O temor de que o conflito possa impactar a importação de fertilizantes já acendeu alerta em congressistas da bancada ruralista, alinhados ao Planalto. A preocupação incide especialmente sobre o cloreto de potássio. O cloreto de potássio subiu 153% no ano passado.
O agronegócio, em grande parte, compõe o eleitorado do presidente.
O chefe do Executivo passou a maior parte da quinta evitando comentar o conflito. À noite, em transmissão semanal em suas redes sociais recebeu o ministro das Relações Exteriores, Carlos França.
O presidente voltou a afirmar que defende a paz. Também minimizou a visita a Putin dias antes do ataque da Rússia.
“Viajamos em paz para a Rússia. Fizemos contato excepcional com o presidente Putin. Acertamos a questão de fertilizantes”, disse.
Mas Bolsonaro não deixou de repreender o vice-presidente Hamilton Mourão, que mais cedo havia dito não concordar com o ataque feito pelo governo Putin.
O vice-presidente também defendeu que os países ocidentais forneçam ajuda militar à Ucrânia e afirmou que o Brasil não está neutro. Chegou ainda a comparar o ataque russo à Alemanha hitlerista e disse que Putin não pararia os ataques apenas com sanções.
“Quem fala sobre o assunto é o presidente da República, e chama-se Jair Bolsonaro.
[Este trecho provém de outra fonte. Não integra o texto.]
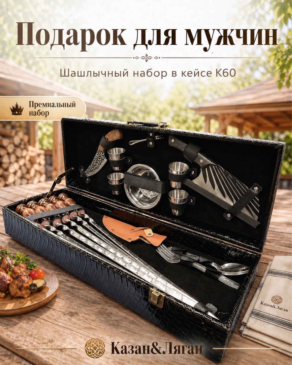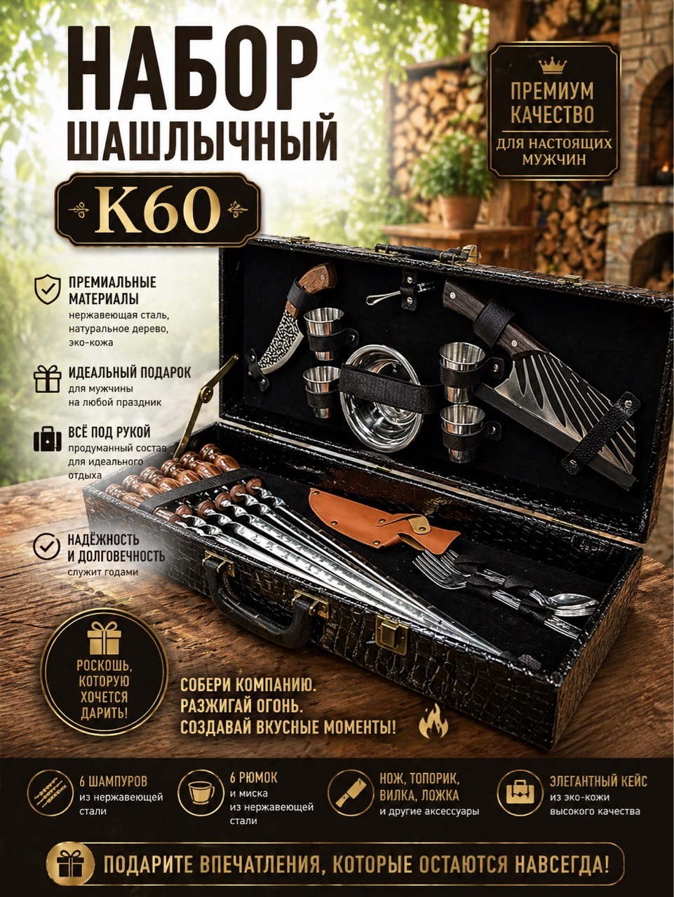 Откройте сезон пикников стильно и удобно! Наш шашлычный набор включает прочные нержавеющие шампуры, удобный складной нож «Кизляр», практичный мини-топорик, сервировку из четырёх стаканов, тарелок и вилок — всё необходимое под рукой! Преимущества: ✔ Идеально подходит для выездов на природу ✅ ✔ Компактность и удобство хранения ⏩ ✔ Высокое качество материалов 🌿 Ваш идеальный отдых начинается здесь!

Com todo o respeito, a essa pessoa que falou isso está falando algo que não deve, não é de competência dela”, disse o presidente.
O Ministério da Agricultura já trabalha com múltiplos cenários. Está preocupado, entre outras coisas, com a exportação de grãos, como soja, além de carne para os países em guerra.
Mas o principal alerta na pasta de Tereza Cristina é com a crise dos fertilizantes. Portanto, se a Rússia optar por retaliar o Brasil com esses produtos, a ministra traçou planos A e B já, segundo contou à coluna da Mônica Bergamo.
“O ministério avalia que, como o mundo todo, sofreremos impactos. Mas ainda não está claro o tamanho deles”, diz a ministra da Agricultura, Tereza Cristina. “É preciso tranquilidade e cautela. Temos muitas alternativas, e já estamos estudando todas elas. Temos plano A e plano B”.
A ministra participaria da comitiva presidencial a Moscou, mas não pode embarcar, porque contraiu Covid-19 pela segunda vez. Mas, ainda assim, foi ao Irã depois de curada com o objetivo de discutir oferta de fertilizantes.
No ano passado, ela já havia viajado para a Rússia com o objetivo de contornar o que já tinha se mostrado como um problema, e aumentar o fornecimento dos produtos. A falta de fertilizantes pode impactar até mesmo o preço de alimentos neste ano —o que seria um prejuízo eleitoral para Bolsonaro.